4. An output driving method comprising the steps of:
transmitting a first image signal to a first bonding pad for output using a first driver;
transmitting a second image signal to a second bonding pad for output using a second driver;
converting a third image signal into a differential signal using a third driver, and transmitting said differential image signal to said first bonding pad and said second bonding pad for output, wherein said differential signal is one of an lvds signal and an rsds signal;
disabling said third driver when said first image signal is outputted via said first bonding pad and said second image signal is outputted via said second bonding pad; and
disabling said first driver and said second driver when said differential signal is outputted via said first bonding pad and said second bonding pad.

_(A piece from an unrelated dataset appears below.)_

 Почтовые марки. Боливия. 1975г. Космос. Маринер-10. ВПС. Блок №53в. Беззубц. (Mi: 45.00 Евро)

1. An output driving device comprising:
a first bonding pad and a second bonding pad;
a first driver for transmitting a first image signal to said first bonding pad for output;
a second driver for transmitting a second image signal to said second bonding pad for output; and
a third driver for converting a third image signal into a differential signal transmitted to said first bonding pad and said second bonding pad for output, wherein said differential image signal is one of an lvds signal and an rsds signal;
wherein, when said first image signal is outputted via said first bonding pad and said second image signal is outputted via said second bonding pad, said third driver is disabled; and when said differential signal is outputted via said first bonding pad and said second bonding pad, said first driver and said second driver are disabled.

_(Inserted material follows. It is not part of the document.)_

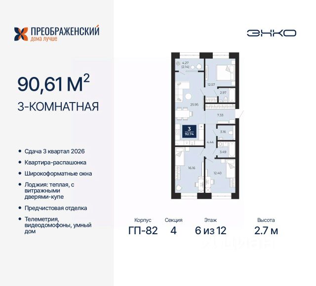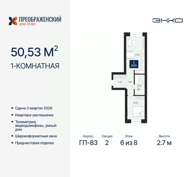 Продается 1-комн. квартира с предчистовой отделкой в ЖК "Преображенский" на 6 этаже. Общая площадь: 38.73 кв.м., жилая: 11.34 кв.м., площадь просторной кухни-столовой: 14.6 кв.м. Все окна выходят на одну сторону. В квартире одна лоджия, один совмещенный санузел. Высота потолков 2.7 м. Дом монолитный, многоподъездный, переменной этажности, от 8 до 12 этажей. Квартира находится в 4-й секции высотой 12 этажей в корпусе ГП-83. На этаже 6 квартир. В подъезде 1 пассажирский и 1 грузовой лифт. Начало строительства - 4 квартал 2023 года. Окончание строительства - 3 квартал 2026 года. Оформление сделки по договору долевого участия. Квартал будет расположен в микрорайоне Славянский на пересечении улиц Мира и 70-летия Октября. Престижный район, собственный парк, вся необходимая для жизни, учёбы и работы инфраструктура — новая школа с бассейном и кванториумом, новый детский сад, поликлиника, спорткомплекс, магазины и др. Чтобы в квартирах было как можно больше свободного пространства, мы предусмотрели индивидуальные кладовые на цокольном этаже. Оставляйте коляски и сезонный спортинвентарь после прогулок здесь — удобно для вас и чисто для квартиры. В подземный паркинг можно спуститься на лифте прямо с квартирной площадки. #2SE7FB

15. An output driving method for processing a first image signal, a second image signal and a third image signal for display, comprising:
providing a first pad and a second pad;
providing said first image signal at said first pad;
providing said second image signal at said second pad, wherein said first image signal and said second image signal have one data rate;
converting said third image signal into a differential signal at said first pad and said second pad, wherein said third image signal has another data rate;
disabling said third driver when said first image signal is provided at said first pad and said second image signal is provided at said second pad; and
disabling said first driver and said second driver when said differential signal is provided at said first pad and said second pad;
wherein said another data rate is greater than said one data rate.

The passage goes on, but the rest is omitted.